RGeo is a key component for writing location-aware applications in the Ruby programming language. At its core is an implementation of the industry standard OGC Simple Features Specification, which provides data representations of geometric objects such as points, lines, and polygons, along with a set of geometric analysis operations. See the README for the "rgeo" gem for more information.

RGeo::ActiveRecord is an optional RGeo add-on module providing spatial extensions for ActiveRecord, as well as a set of helpers for writing spatial ActiveRecord adapters based on RGeo.

Installation

Gemfile:

gem 'rgeo-activerecord'

Version 8.0+ supports ActiveRecord 7.x with rgeo 3.0+

Version 7.0+ supports ActiveRecord 5.x, 6.x, and 7.x with rgeo 1.0+

Version 6.2+ supports ActiveRecord 5.x and 6.x with rgeo 1.0+

Version 6.1 supports ActiveRecord 5.x and 6.0 with rgeo 1.0+.

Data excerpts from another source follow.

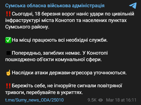 Сегодня днем российские войска нанесли удары по гражданской инфраструктуре города Конотоп и населенным пунктам Сумского района.
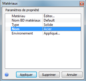 Dans la boîte de dialogue d'édition rapide Matériaux, Type = Solide.
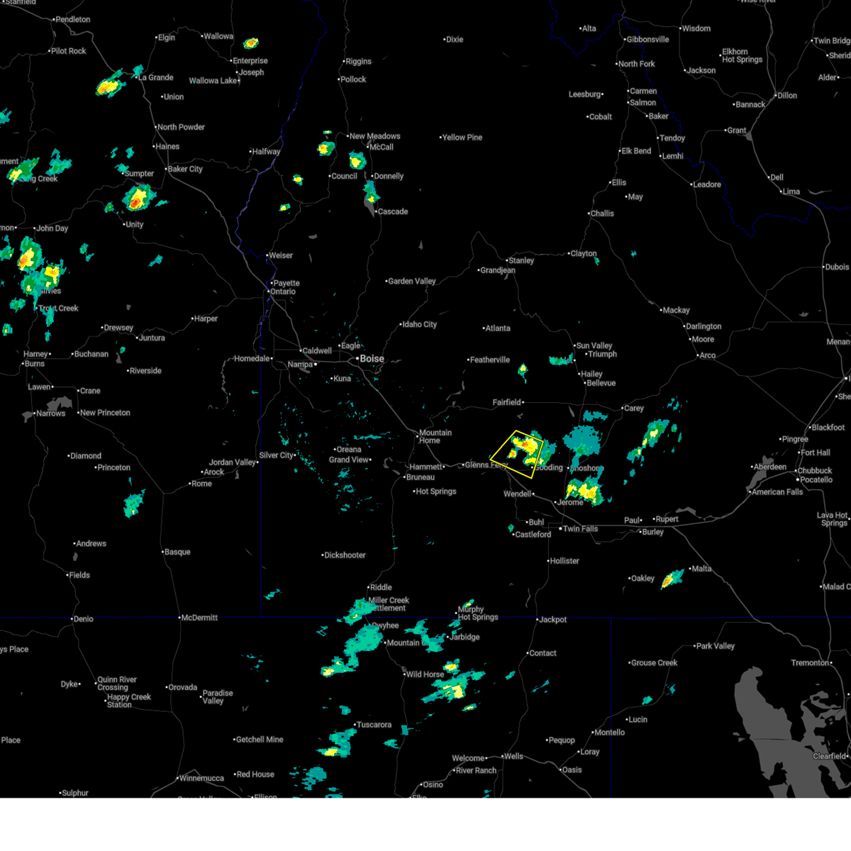 At 721 pm mdt, a severe thunderstorm was located near twentymile butte, or 17 miles southeast of glenns ferry, moving northeast at 35 mph (radar indicated). Hazards include two inch hail and 60 mph wind gusts. People and animals outdoors will be injured. expect hail damage to roofs, siding, windows, and vehicles. expect wind damage to roofs, siding, and trees. this severe thunderstorm will be near, hagerman and bliss around 740 pm mdt. wendell around 750 pm mdt. Gooding around 800 pm mdt.
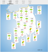 화요일인 4일은 전국이 흐리겠다. 또 북서쪽에서 다가오는 찬 공기가 우리나라로 유입된 따뜻한 공기와 충돌해 비구름대가 발달하겠고, 이 비구름대는 북서쪽에서 남동쪽으로 이동하면서 전국 대부분 지역에 비가 내리겠다.이날은 전국이 동해북부해상에서 동쪽으로 이동하는 저기압의
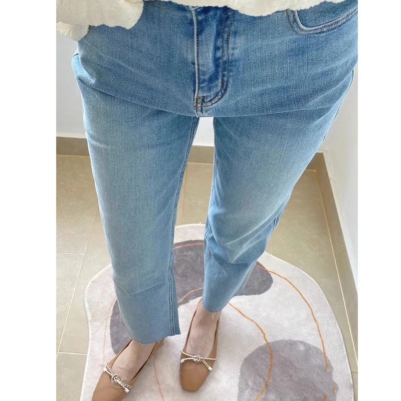 薄い色の氷の糸のパイプのストレートのジーパンの女性の2024年の夏の薄いタイプの新型の腰の小さいズボン
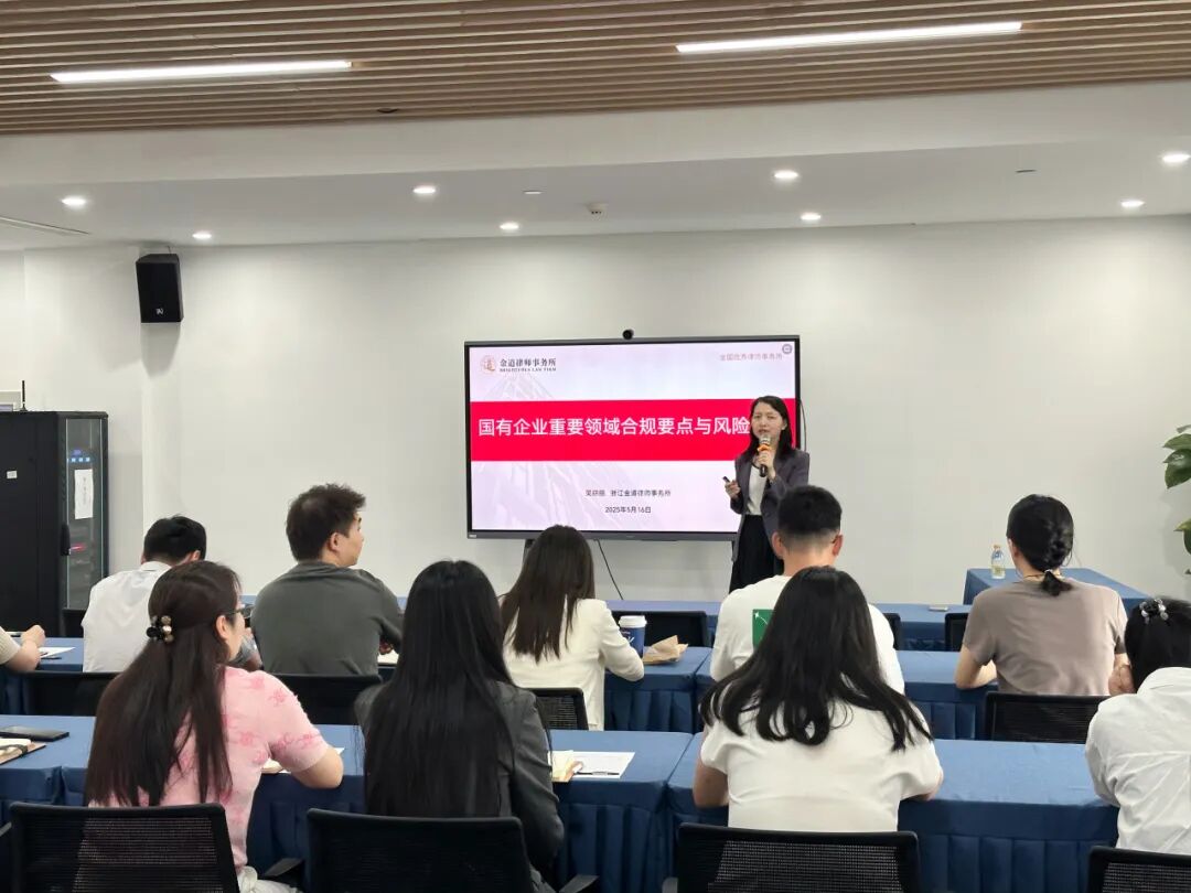 2025年5月16日,金道所吴丽丽律师应邀为杭州市停车产业股份有限公司讲授《国企重点领域合规及风险防范》,该公司各部门负责人及工作人员参加学习。吴律师结合已经完成的该公司合规管理体系建设工作,对“三张清单”和“重点领域合规指南”进行了说明,重点讲解了招标采购、对外投资两个领域的合规管理工作。
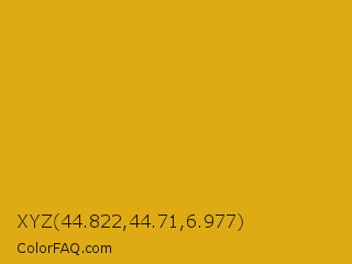 XYZ 44.822,44.71,6.977 Color is a normal orange color and the nearest color is Galliano #dcb20c. Hex code #deab15 and RGB value is rgb(222,171,21). In RGB color space, this color is composed of 87% red, 67% green, 8% blue, In CMYK color space, this color is composed of 0% cyan, 23% magenta, 91% yellow , 13% black , In HSL color space, this color has a hue angle of 45° , 83% saturation and 48% lightness.
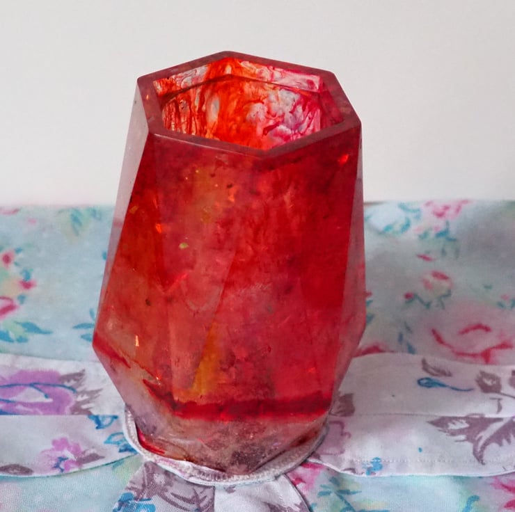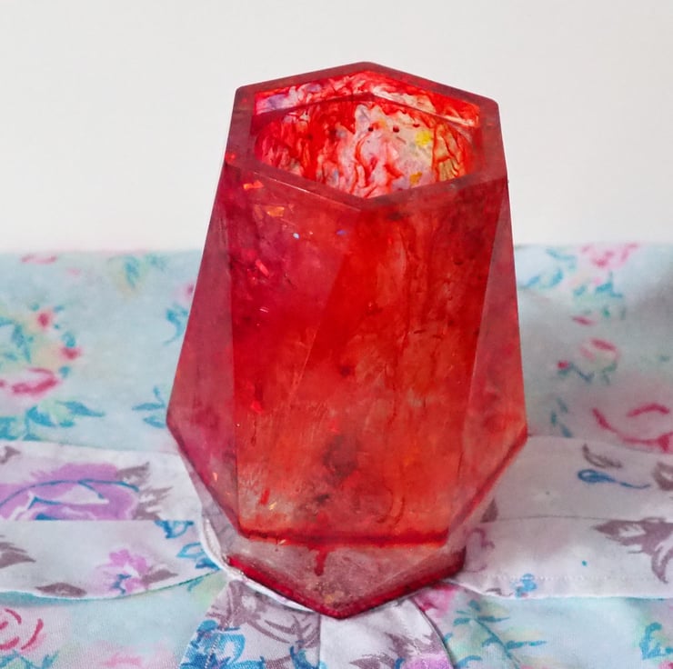 Hexagonal Resin Pot in Red, Orange and Yellow
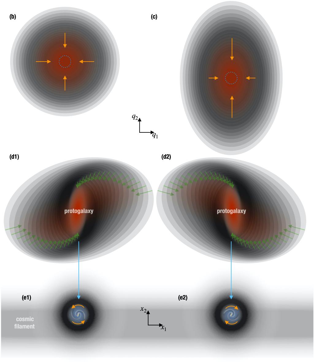 潮汐扭动(tidal twist)—— 星系分布可重构宇宙原初密度场。我们提出利用密度(潮汐)场信息重构原初角动量信息(spin mode reconstruction),并验证了其与星系/暗物质晕的可观测角动量的相关性。潮汐场,即密度场的逆Laplace算子的Hessian矩阵。图(b-e)中展示了二维空间的宇宙中潮汐与星系角动量的联系,其中我们用椭圆的长轴和短轴表示潮汐张量的两个本征轴,椭圆的大小对应于相应(平滑)尺度的潮汐。(b)中各向同性且不依赖于尺度的潮汐场导致球(圆)塌缩,不产生角动量;(c)中各向不同性、但尺度无关的潮汐导致椭圆塌缩,不产生角动量;(d)中不同尺度潮汐场的本征轴(绿色箭头表示潮汐主轴)随尺度变化,大尺度的潮汐场扭动小尺度的原星系(protogalaxy),产生角动量spin mode,并在(e)中的宇宙纤维结构(cosmic filament)中形成两个角动量相反的星系。(d1,e1)和(d2,e2)互为镜面反演;这种奇宇称(parity-even)的可观测量可被原初偶宇称(parity-even)的密度场(标量)及潮汐场(对称张量)预测,因此这个可观测的角动量也是早期宇宙的探针。早期宇宙的宇称破缺可能会通过这种spin mode携带到今天星系的角动量场。Yu, Hao-Ran et al. 的Conclusion and discussion中及相关参考文献给出了可能的对称性破缺机制。
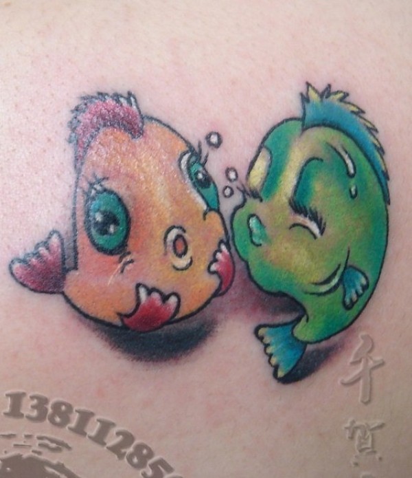 很可爱很萌的亲嘴鱼纹身,适合女性的小纹身_动物纹身图案大全_纹身图吧
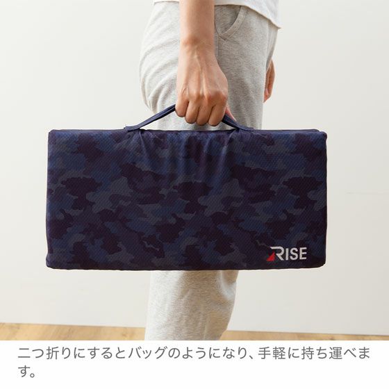 スポーツ観戦やアウトドアで大活躍する、モバイルタイプのシートクッションです。中材にマットレスと同じ高反発ファイバーを採用、お尻に敷くと疲労が軽減します。折りたたむとバッグのようになり持ち運びも楽々です。
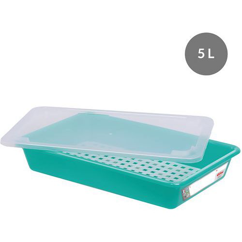 Bak plat 5 L tot 8 L HACCP met deksel en rooster, Totale inhoud: 5 L, Nestbaar: nee, Totale hoogte: 85 mm Bak plat 5 L tot 8 L HACCP met deksel en rooster, Totale inhoud: 5 L, Nestbaar: nee, Totale hoogte: 85 mm
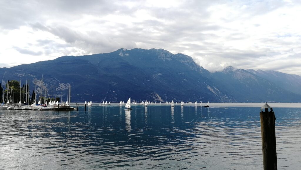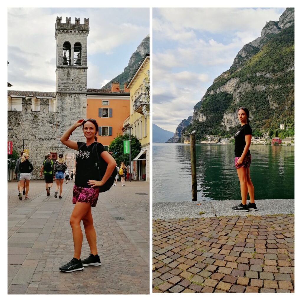 První zastávkou bylo městečko Riva del Garda. Prohlédli jsme si ho v ranním klidu a ospalosti, prošli se po pobřežní promenádě, udělali fotky a pozorovali vyplutí plachetnic na závod z místního přístavu. Krásný výhled musí být od pevnosti Bastione, která se tyčí asi 150 metrů nad městem na svazích hory Cima Sat, a ke které vede malá panoramatická lanovka.
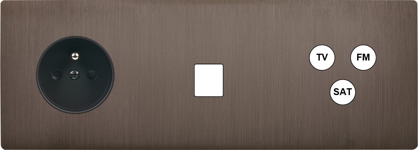 MODELEC - Façade "M" Laiton Canon Fusil Triple Horizontale R1 1 Media 1 Tv-Fm-Sat magnétiq - 324514M
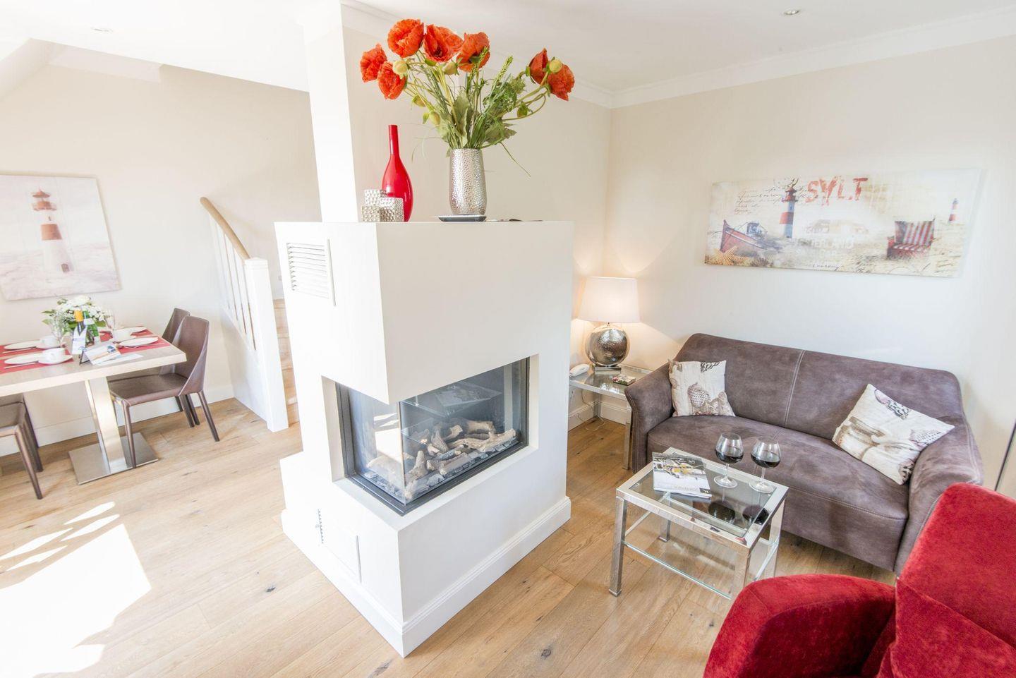 Diese exklusive 3-Zimmer-Ferienwohnung im 'Haus Victor' bietet auf ca. 58 m² und über zwei Ebenen modernen Komfort und eine gemütliche Ausstattung für bis zu 4 Personen. Die strandnahe Lage in Westerland auf Sylt und der hauseigene Wellnessbereich mit Sauna und Dampfbad bieten eine perfekte Kombination aus Entspannung und Aktivität. Die Wohnung verfügt über einen Gaskamin und einen Süd-Balkon, auf dem Sie die Sylter Sonne genießen können.
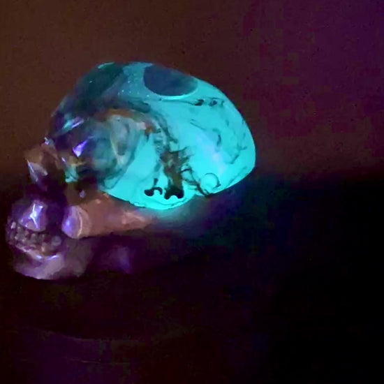This handcrafted resin skull from Lustre Lane features a striking blend of deep pearlescent black and swirling aqua tones that shimmer beautifully in the light. By day, the marbled finish reveals rich, fluid depth. By night, the top of the skull transforms with a bright aqua glow, creating an ethereal, glow-enhanced centerpiece.
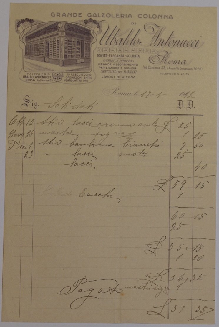 Bella fattura del 17 gennaio 1912 della "Grande calzoleria Colonna" di Roma. Lista del materiale acquistato (diverse paia di scarpe con lacci, tacco e da bambina) con i prezzi. Bella intestazione con veduta del negozio In buone condizioni, piegature Dim. cm 22x14,5. Beautiful invoice of the 17th of january 1912 of the shop "Grande calzoleria Colonna" di Roma. List of material and price (different kind of shoes). Beautiful graphic with a view of the shop In good conditions, foldings.
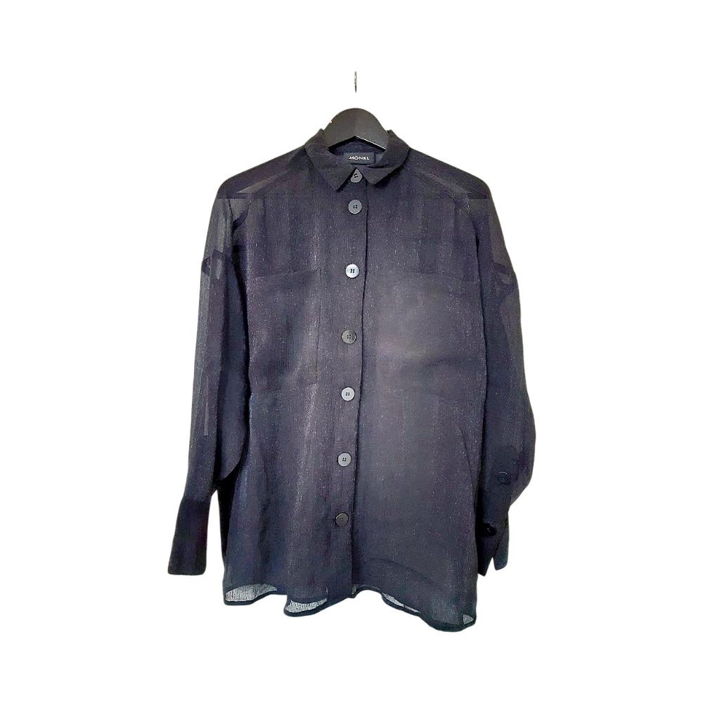 Monkin musta kauluspaita. Napitus kaulasta helmaan. Ohutta ja läpinäkyvää kimaltelevaa kangasta, joten kiva paita vaikka juhliin. Hihoissa napit. Edessä kaksi rintataskua. Oversize-mallia. Koko XS, sopii hyvin S-M-kokoiselle. Kainalo-kainalo 60 cm, olkapää-helma 73 cm. Materiaali 70% polyesteria ja 30% polyamidia.
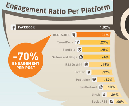Het is algemeen geaccepteerd dat het automatisch doorplaatsen van berichten naar sociale media niet goed is voor je engagement. Een analyse van EdgeRankChecker bevestigt dit: Facebook Pages die via third-party tools (zoals HootSuite en Tweetdeck) content publiceren kunnen rekenen op 70% minder engagement. Dat blijkt uit een analyse van 1 miljoen berichten op 50.000 Facebook Pages. Berichten die via externe tools werden geplaatst ontvingen 70% minder likes en reacties dan berichten die via Facebook zelf waren geplaatst.
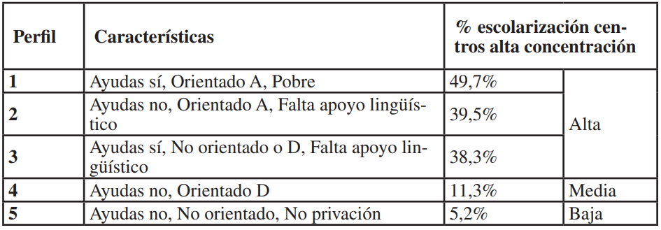 Como resultado, el análisis ha revelado cinco perfiles más importantes que se diferencian en función de si la unidad convivencial ha recibido ayudas sociales en los últimos 12 meses, así como si ha sido orientada hacia algún modelo lingüístico en concreto a la hora de matricularse, la situación económica del hogar y, por último, la falta de apoyo escolar para alcanzar nivel lingüístico. Así, el perfil con mayor incidencia de la problemática de la matriculación en centros con elevada presencia de escolares inmigrantes se caracteriza por tener las condiciones más desventajosas como son el hecho de percibir ayudas sociales, que indica una situación económica precaria, así como las situaciones de privación graves. Además, se trata de familias que han sido orientadas hacia el modelo A, que se caracteriza por una mayor tasa de personas con ISEC bajo. Este perfil se asocia más a personas procedentes de África Subsahariana y Magreb y, en menor medida, Pakistán.
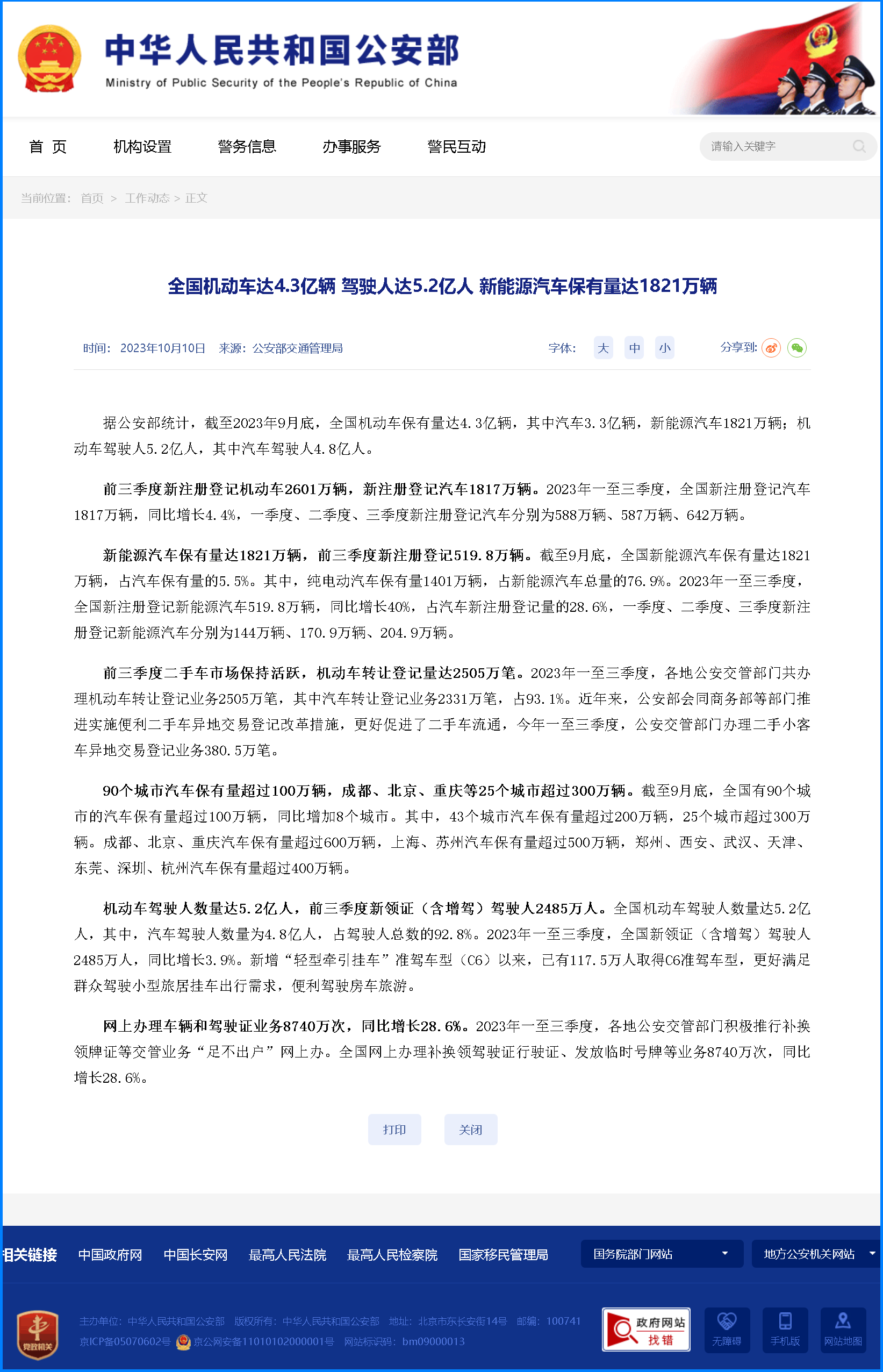 全國機(jī)動車達(dá)4.3億輛 駕駛?cè)诉_(dá)5.2億人 新能源汽車保有量達(dá)1821萬輛

Version 6.0 supports ActiveRecord 5.x with rgeo 1.x.

Version 5.0 supports ActiveRecord 5.0 and 5.1, with rgeo 0.6.

Version 4.0 supports ActiveRecord 4.2.

Version 1.1.0 supports ActiveRecord 4.0 and 4.1

Version 0.6.0 supports earlier versions of ruby and ActiveRecord:

  • Ruby 1.8.7 or later
  • ActiveRecord 3.0.3 - 3.2.x
  • rgeo 0.3.20 or later
  • arel 2.0.6 or later

Spatial Factories for Columns

This is an introduction. More details are available in the wiki entry.

Register spatial factories in the SpatialFactoryStore singleton class to parse spatial data. Each spatial column in your models will use the SpatialFactoryStore to parse the stored WKB into an RGeo Feature. The factory from the SpatialFactoryStore is chosen based on metadata from the spatial column and the attributes with which the factory was registered to the store. For example, you can set a factory for point types, for types matching a specific SRID, having a Z coordinate, or any combination of attributes.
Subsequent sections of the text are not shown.